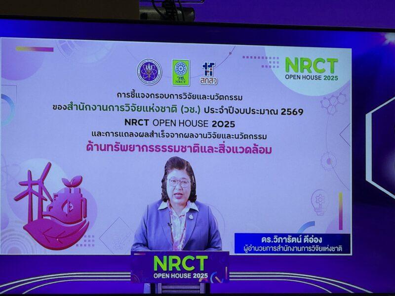 สำนักงานการวิจัยแห่งชาติ(วช.) กระทรวงการอุดมศึกษา วิทยาศาสตร์ วิจัยและนวัตกรรม จัดกิจกรรมเปิดบ้านชี้แจงกรอบการวิจัยและนวัตกรรม ประจำปีงบประมาณ 2569 (NRCT Open House 2025) และการแถลงผลสำเร็จจากผลงานวิจัยและนวัตกรรม “ด้านทรัพยากรธรรมชาติและสิ่งแวดล้อม” โดยมี ดร.วิภารัตน์ ดีอ่อง ผู้อำนวยการสำนักงานการวิจัยแห่งชาติ เป็นประธานเปิดงาน
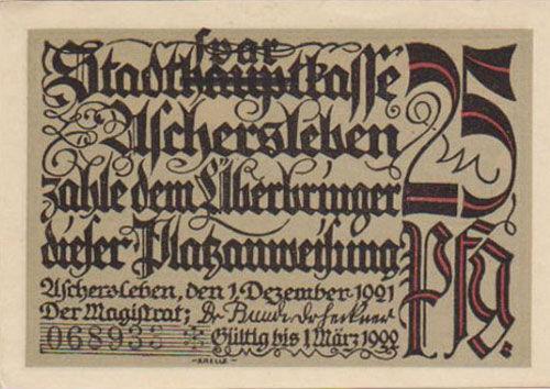 Банкнота 25 пфенігів 1921 року, Нотгельд, Ашерзлебен (Aschersleben), UNC
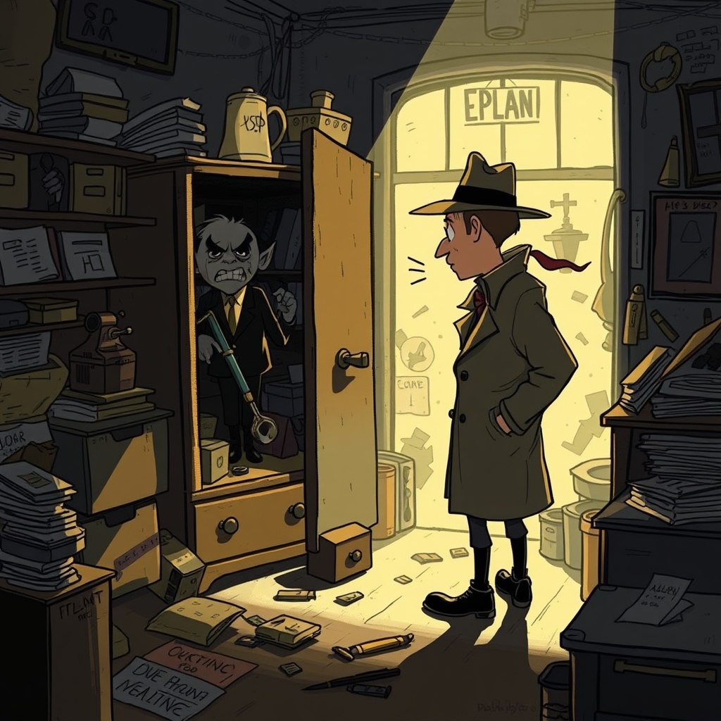 Главный герой моего рассказа — Еплан. Да, именно так его и звали. Он был детективом, но таким, что после встречи с ним пропадало желание вообще жить по правилам логики. Еплан жил в съёмной квартире, где обои шептали о твоих ошибках, а унитаз иногда плакал. Всё началось с дела орущего шкафа. Однажды к нему зашла клиентка — девушка с глазами, как две плохо протёртые линзы, и сказала: — У меня орёт шкаф. Еплан задумался. На секунду. Потом спросил: — А ты точно его не обидела? Клиентка заплакала, достала банку с маринованным бананом и ушла. Так началось его расследование. **Он вызвал своего друга — старого наркомана Васю, который был специалистом по разговорам с мебелью.** Вася посмотрел на шкаф, шёпотом сказал: — Этот шкаф видел вещи, о которых лучше не знать, брат. А шкаф в этот момент заорал: — Я знаю, кто украл твой мозг, Еплан! Еплан, не моргнув, ответил: — А я знаю, кто спёр мой душевный покой — жизнь. Дальше пошли галлюцинации: Стены поплыли. Пепельница превратилась в полицей

=-=-=-=-=

» **How to complete this task**:
Starting with the line that contains "Банкнота 25 пфенігів", reproduce every line down to the end of the listing above, both endpoints included. Pictures stay out.

» **Solution for this task**:
 Банкнота 25 пфенігів 1921 року, Нотгельд, Ашерзлебен (Aschersleben), UNC
 Главный герой моего рассказа — Еплан. Да, именно так его и звали. Он был детективом, но таким, что после встречи с ним пропадало желание вообще жить по правилам логики. Еплан жил в съёмной квартире, где обои шептали о твоих ошибках, а унитаз иногда плакал. Всё началось с дела орущего шкафа. Однажды к нему зашла клиентка — девушка с глазами, как две плохо протёртые линзы, и сказала: — У меня орёт шкаф. Еплан задумался. На секунду. Потом спросил: — А ты точно его не обидела? Клиентка заплакала, достала банку с маринованным бананом и ушла. Так началось его расследование. **Он вызвал своего друга — старого наркомана Васю, который был специалистом по разговорам с мебелью.** Вася посмотрел на шкаф, шёпотом сказал: — Этот шкаф видел вещи, о которых лучше не знать, брат. А шкаф в этот момент заорал: — Я знаю, кто украл твой мозг, Еплан! Еплан, не моргнув, ответил: — А я знаю, кто спёр мой душевный покой — жизнь. Дальше пошли галлюцинации: Стены поплыли. Пепельница превратилась в полицей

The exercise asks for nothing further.